Tuesday, September 22, 2015

Glappy Sherlock.

I encountered the word "glappy" for the first time this week, as well as a prime example of the Sherlockian use of it.

"Glappy," as it is defined by the Urban Dictionary and it's coiners, the sprightly lads at the Ugly Couch show podcast, is "The mixed feelings you get when you see a movie/tv show/book/game that you didn't really care for, but you are glad they made it anyway."

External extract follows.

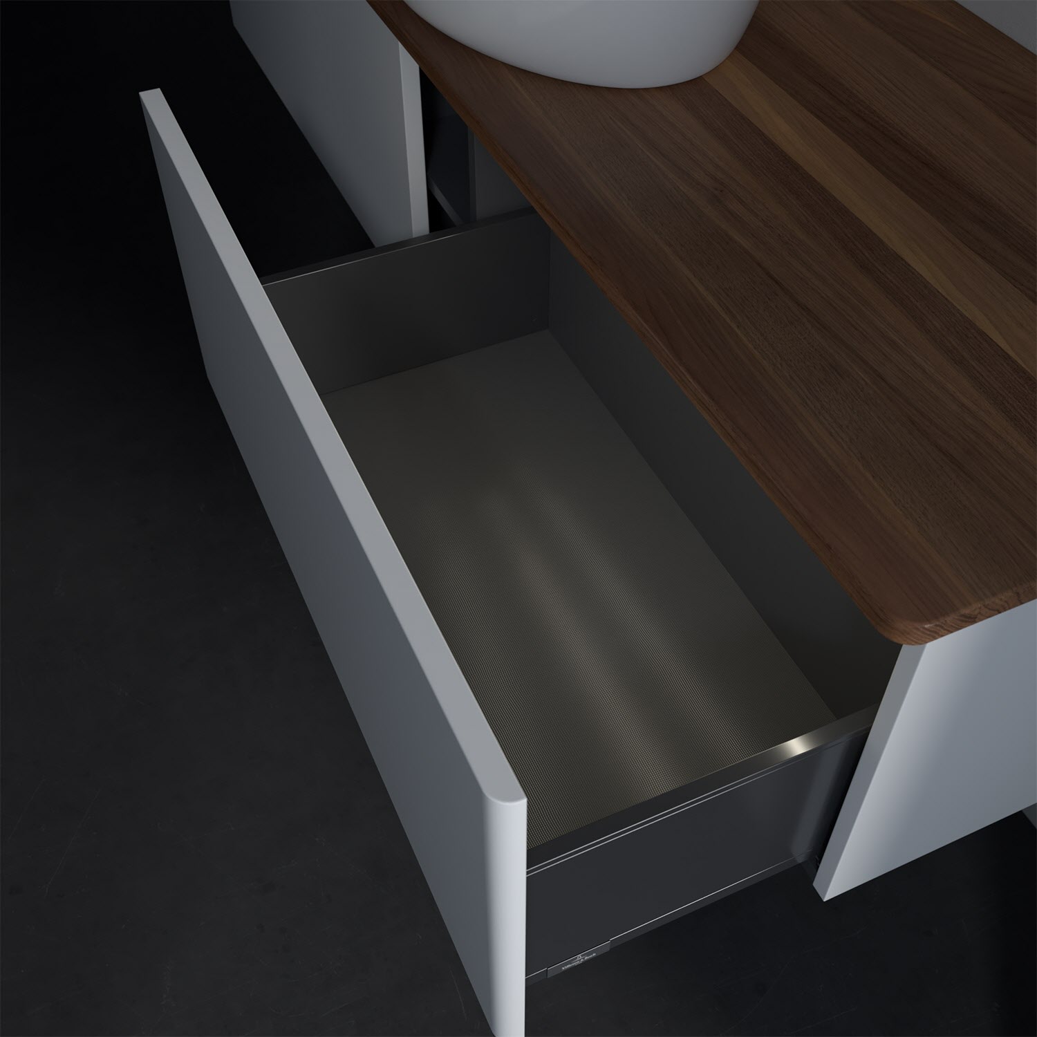 - kein Umfallen oder Verrutschen von Pflegeprodukten in den Schubladen dank rutschhemmendem Boden

The first thing I thought of when I heard the term, was the recent movie Mr. Holmes.  Glappy is a feeling that is probably felt more keenly by fans of a given thing than folk in everyday life, and it was my fan love of Sherlock Holmes that made me glad to see an Ian McKellen movie about Sherlock Holmes, created with all due respect and seriousness that the Master of Detectives deserves. But I really didn't care for the film.

And then Chris Redmond and Rob Nunn got into a small discussion of "The Mazarin Stone" on Twitter, and how it might just be the worst Sherlock Holmes story that Conan Doyle got published. (I say "got published," as I never truly give up the thought of Watsonian authorship, even in the face of ol' walrus-moustache.)  To me, "Mazarin Stone" isn't even a bad Sherlock Holmes story . . . in my mind it's always the fake Sherlock Holmes story. Like it's a bunch a bad actors walking through a stage play of something Holmes once sort-of did.

Of course, those thoughts might just be due to its origins and my awareness thereof, but still . . . .

I don't think highly of "Mazarin Stone," but I don't hate it. I might wish it into the Apocrypha, but I'd never wish it out of existence. (Like another thing with the name "Sherlock Holmes" used a bit too freely to describe its main character.) I'm pretty much glappy that "Mazarin Stone" was written.

And, you know, that's really not a bad thing. If, at the end of my run as a blogger about things Sherlock, I think I'd settle for a "glappy" from those that bothered to read the thing now and then. It's a word that definitely shows a consideration was made.

And that, in the end, is all we can ask of people. Or hope for.

1 comment:

  1. I stand by my original statement: The Veiled Lodger is worse than Mazarin Stone.